Tuberculosis (TB), a contagious disease mainly caused by Mycobacterium tuberculosis (M.tb), Mycobacterium bovis (M.bovis), and Mycobacterium caprae (M.caprae), poses a major global threat to the health of humans and many species of animals.
Developing an ante-mortem detection technique for different species would be of significance in improving the surveillance employing a One Health strategy.To achieve this goal, a universal indirect ELISA was established for serologically detecting Mycobacterium tuberculosis complex infection for multiple live hosts by using a fusion protein of MPB70, MPB83, ESAT6, and CFP10 common in M.tb, M.bovis, and M.
caprae as the coating antigen (MMEC) and HRP-labeled simply southern cat shirt fusion protein A and G as a secondary antibody.After testing the known positive and negative sera, the receiver operating characteristic curves were constructed to decide the cut-off values.Then, the diagnostic sensitivity and specificity of MMEC/AG-iELISA were determined as 100.00% (95% CI: 96.

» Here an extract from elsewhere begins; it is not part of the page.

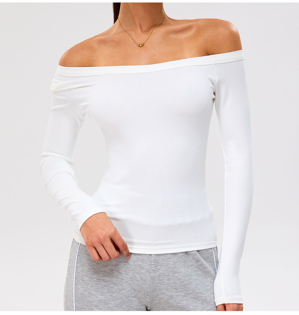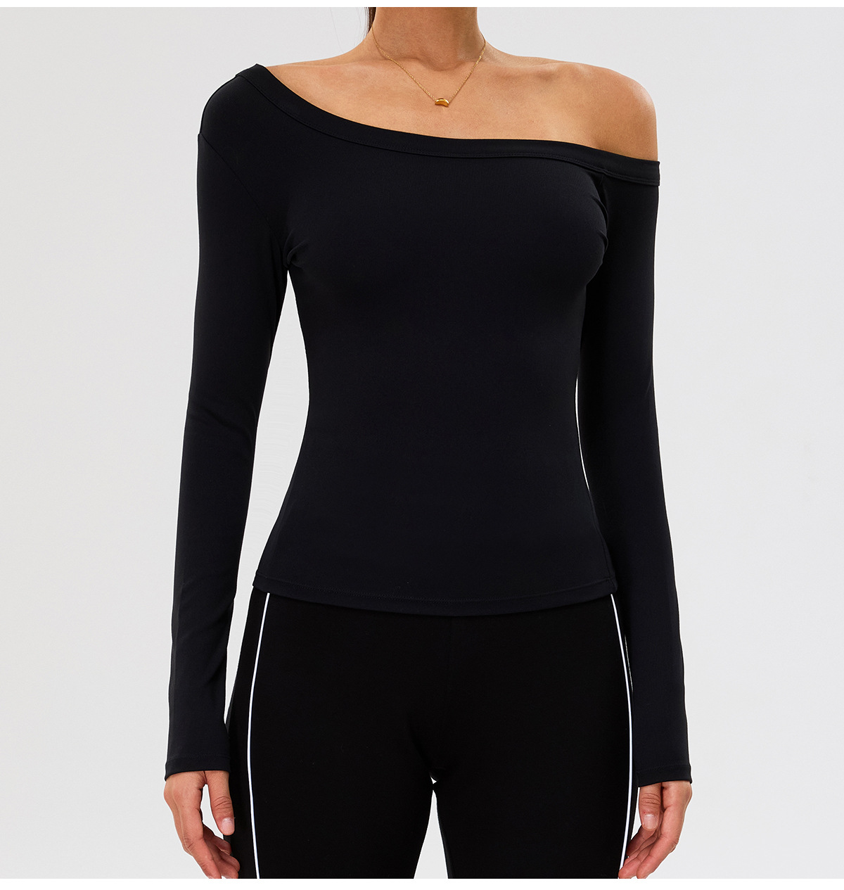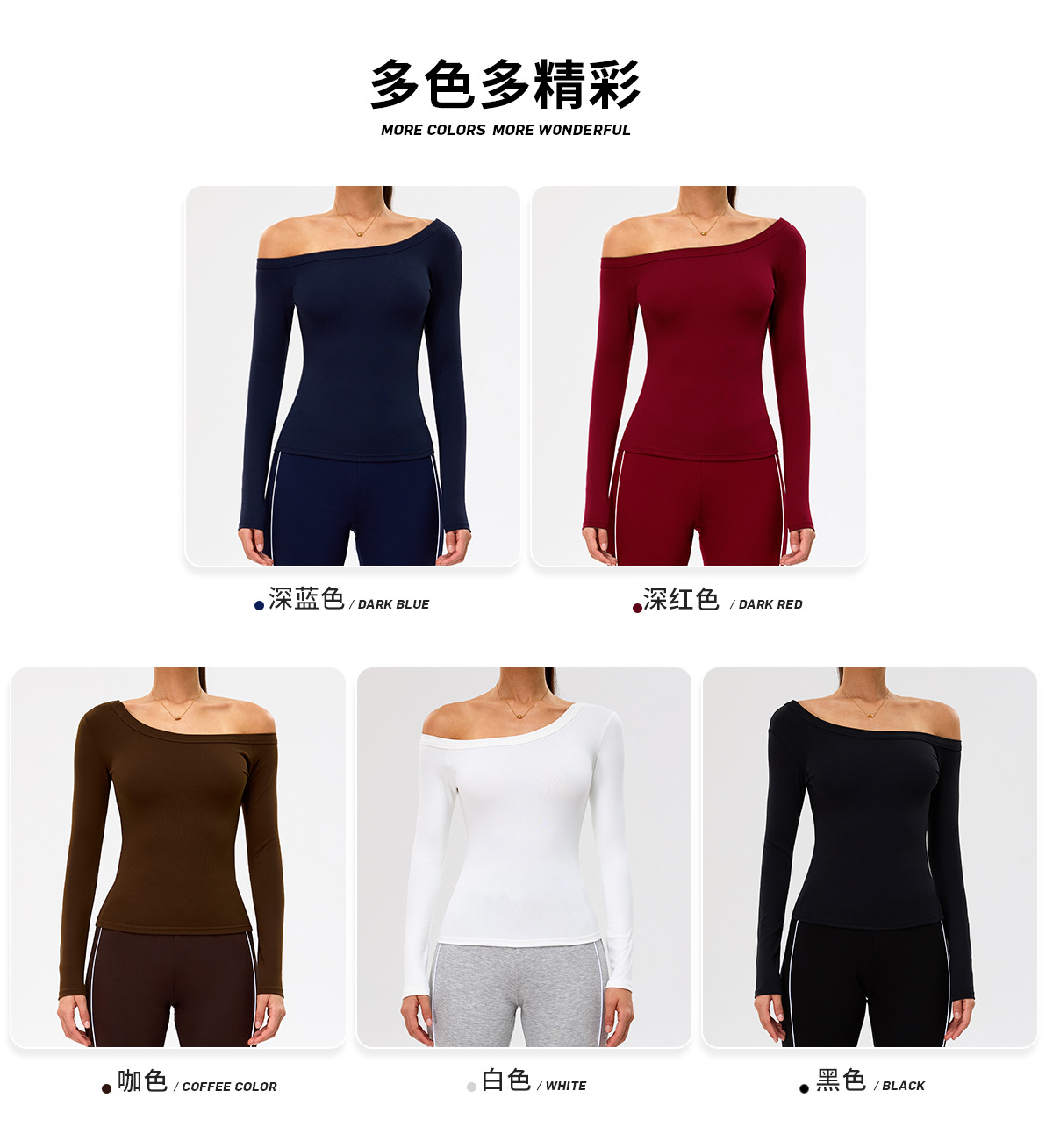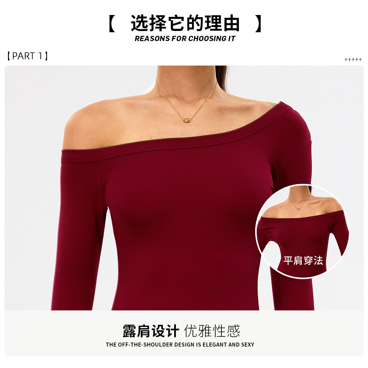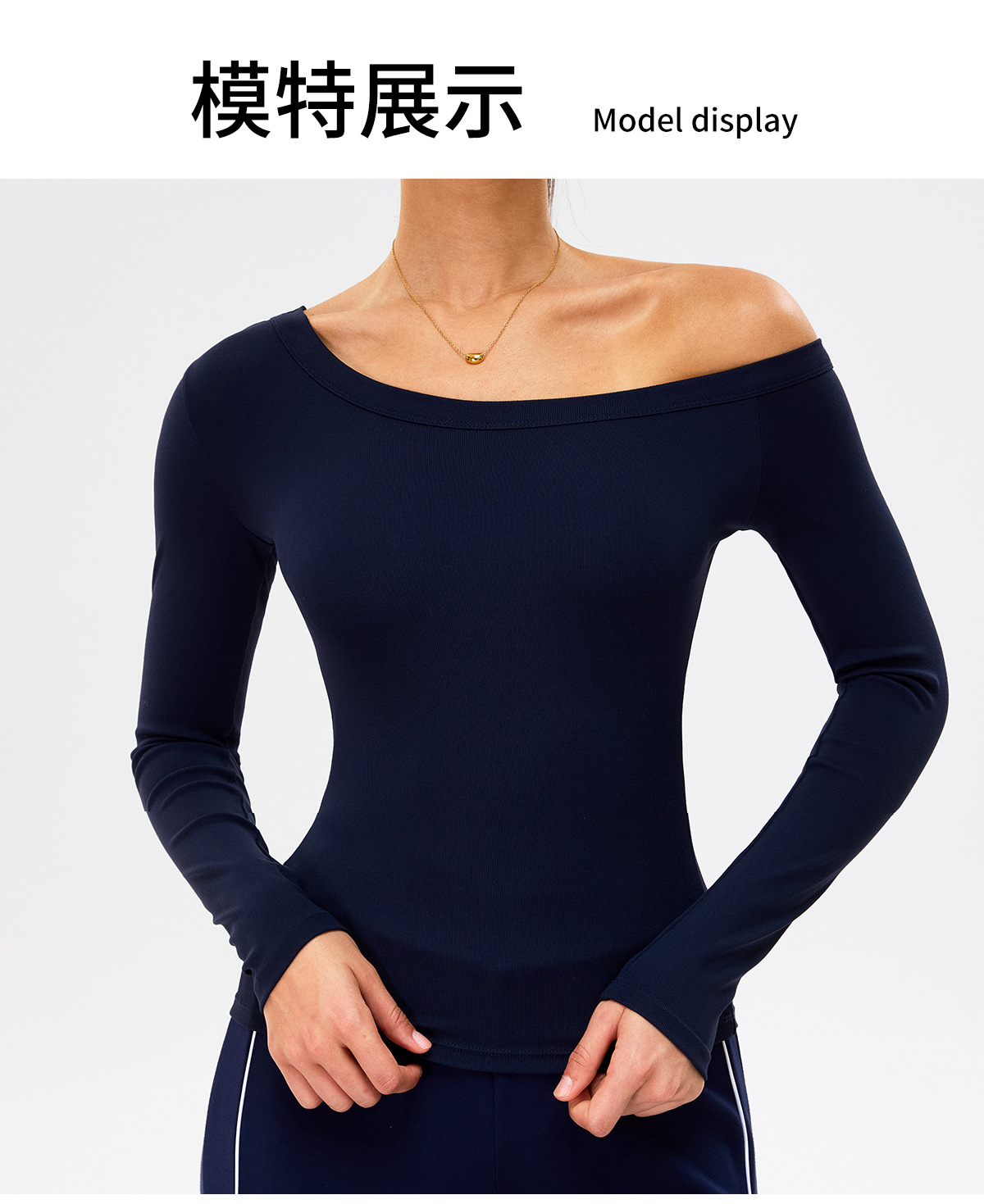 欧美裸感紧身运动长袖T恤女一字领瑜伽服户外跑步速干健身服上衣

90%, 100.00%) and 100.00% (95% CI: 98.44%, 100.
00%) for M.bovis infection of cattle, 100.00% (95% CI: 95.00%, 100.
00%) and borstlist självhäftande 100.0% (95% CI: 96.80%, 100.00%) for M.
bovis infection of sheep, 90.74% (95% CI: 80.09%, 95.98%) and 98.
63% (95% CI: 95.14%, 99.76%) for M.bovis infection of cervids, 100.
00% (95% CI: 15.81%, 100.00%) and 98.81% (95% CI: 93.
54%, 99.97%) for M.bovis infection of monkeys, 100.00% (95% CI: 86.
82%, 100.00%) and 94.85% (95% CI: 91.22%, 97.
03%) for M.tb infection of humans.Furthermore, this MMEC/AG-iELISA likely detects M.caprae infection in roe deer.
Thus this method has a promising application in serological TB surveillance for multiple animal species thereby providing evidence for taking further action in TB control.